In vivo optoacoustic imaging of endothelin receptor expression and treatment response in the hypoxic tumor microenvironment.

PURPOSE

A hypoxic tumor microenvironment promotes cancer progression, with endothelin-A receptor (ETR) signaling playing a key role in tumor neoangiogenesis and macrophage infiltration. We hypothesize that multispectral optoacoustic tomography (MSOT) using an ETR-specific probe could provide improved insights into the hypoxic characteristics of the tumor microenvironment (TME), either alone or in combination with endogenous markers, and that alterations in ETR expression may correlate with increased tumor oxygenation serving as an early indicator of response to anti-angiogenic or immune-modulating therapy.

METHODS

A fluorescent ETR probe was applied for in vivo MSOT evaluation of ETR expression in hypoxic murine breast cancer. Optoacoustic signal intensity (SI) of deoxygenated and oxygenated hemoglobin served as additive intrinsic readouts.

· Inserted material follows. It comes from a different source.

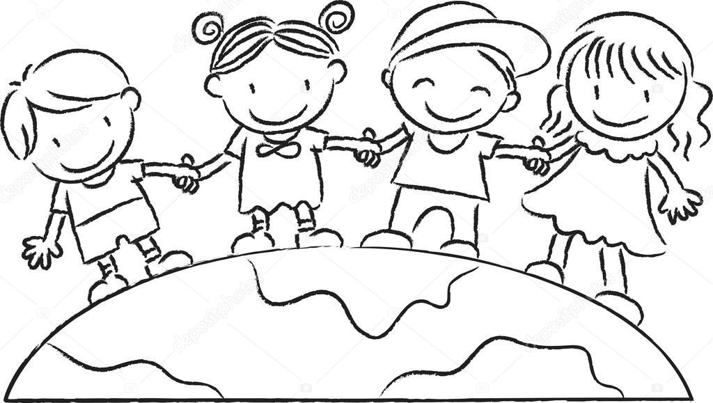 Рисовать детей вокруг земного шара
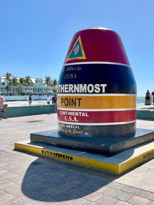 The walking tour ended at the southernmost point of the U.S (and also the southern end of Route 1). A large monument in the shape of a buoy marks the spot (or maybe the fictional spot) and is a tourist attraction for photo opportunities.

Furthermore, therapeutic interventions utilizing Bevacizumab, Clodronate and Sorafenib were evaluated with regard to effects on ETR expression and hemoglobin oxygen saturation. Imaging results were validated ex vivo via immunohistochemistry.

RESULTS

Exposure of 4T1 murine breast cancer cells to hypoxic conditions led to upregulation of ETR in vitro. In vivo, tumor growth correlated with increased ETR probe signal intensity in 4T1 tumors. All therapeutic interventions significantly reduced ETR SI following treatment. Anti-angiogenic therapies also increased tumor oxygen saturation, indicating therapy-induced re-oxygenation.

CONCLUSION

ETR expression in hypoxic tumor regions can be visualized non-invasively by MSOT using an exogenously administered targeted probe. Combining ETR-targeted imaging with intrinsic hemoglobin readouts enables assessment of reoxygenation and immune cell modulation in response to therapy. Thus, ETR has potential as an in vivo imaging biomarker for early therapy response in experimental breast cancer studies.